───── Source data ─────

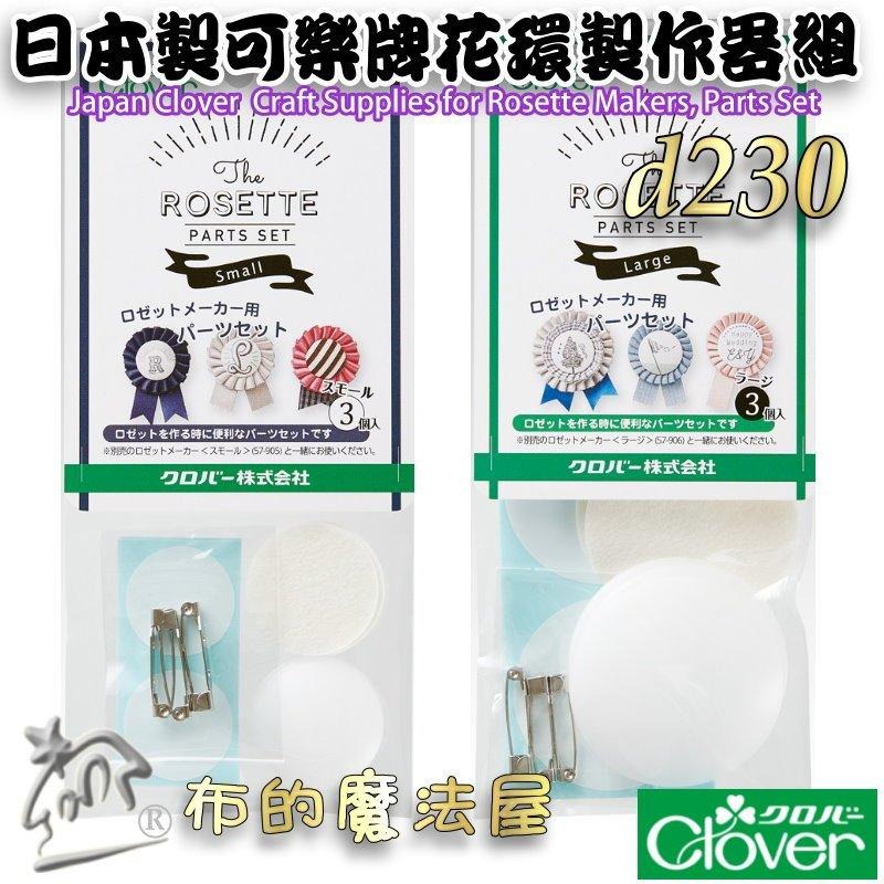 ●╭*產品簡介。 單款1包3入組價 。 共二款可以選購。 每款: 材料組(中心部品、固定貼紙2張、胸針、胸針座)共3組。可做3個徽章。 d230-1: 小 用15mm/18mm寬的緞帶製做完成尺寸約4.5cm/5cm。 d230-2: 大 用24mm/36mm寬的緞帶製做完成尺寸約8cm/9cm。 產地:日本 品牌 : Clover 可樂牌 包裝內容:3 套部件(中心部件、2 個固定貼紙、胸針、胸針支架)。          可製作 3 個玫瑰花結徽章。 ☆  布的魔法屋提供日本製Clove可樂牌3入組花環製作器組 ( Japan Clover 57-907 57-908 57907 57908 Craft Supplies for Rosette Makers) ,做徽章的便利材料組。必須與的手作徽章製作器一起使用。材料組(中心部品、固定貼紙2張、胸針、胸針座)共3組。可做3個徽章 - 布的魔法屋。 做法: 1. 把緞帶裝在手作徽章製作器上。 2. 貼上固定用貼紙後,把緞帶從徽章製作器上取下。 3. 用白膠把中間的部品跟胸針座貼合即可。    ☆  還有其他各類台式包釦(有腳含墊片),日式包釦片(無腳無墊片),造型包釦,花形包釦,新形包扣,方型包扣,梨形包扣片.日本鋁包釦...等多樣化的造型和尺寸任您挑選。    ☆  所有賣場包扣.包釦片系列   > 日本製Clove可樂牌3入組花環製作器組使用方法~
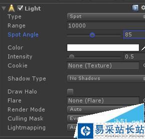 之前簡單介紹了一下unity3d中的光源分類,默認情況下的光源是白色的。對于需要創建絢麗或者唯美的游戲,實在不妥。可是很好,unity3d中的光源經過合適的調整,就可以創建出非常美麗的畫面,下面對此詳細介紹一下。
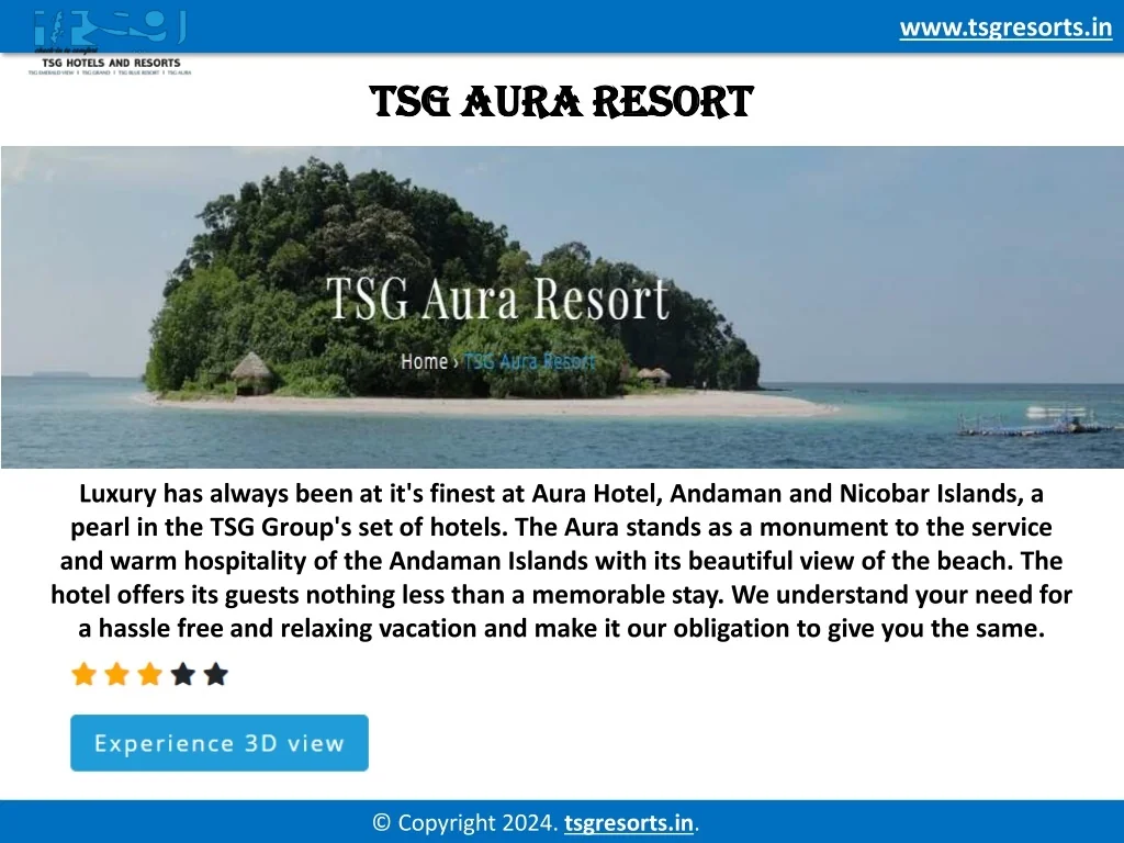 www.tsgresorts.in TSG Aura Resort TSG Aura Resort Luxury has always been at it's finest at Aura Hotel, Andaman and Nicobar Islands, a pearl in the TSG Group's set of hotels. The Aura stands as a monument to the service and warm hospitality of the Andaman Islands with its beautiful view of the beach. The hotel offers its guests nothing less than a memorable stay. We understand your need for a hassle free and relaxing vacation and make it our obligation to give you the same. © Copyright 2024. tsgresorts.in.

─────

What needs to be done: Only what runs from the line with "之前簡單介紹了一下unity" through the last line of the listing above belongs in the answer, set down exactly and free of pictures.

Response to this exercise:
 之前簡單介紹了一下unity3d中的光源分類,默認情況下的光源是白色的。對于需要創建絢麗或者唯美的游戲,實在不妥。可是很好,unity3d中的光源經過合適的調整,就可以創建出非常美麗的畫面,下面對此詳細介紹一下。
 www.tsgresorts.in TSG Aura Resort TSG Aura Resort Luxury has always been at it's finest at Aura Hotel, Andaman and Nicobar Islands, a pearl in the TSG Group's set of hotels. The Aura stands as a monument to the service and warm hospitality of the Andaman Islands with its beautiful view of the beach. The hotel offers its guests nothing less than a memorable stay. We understand your need for a hassle free and relaxing vacation and make it our obligation to give you the same. © Copyright 2024. tsgresorts.in.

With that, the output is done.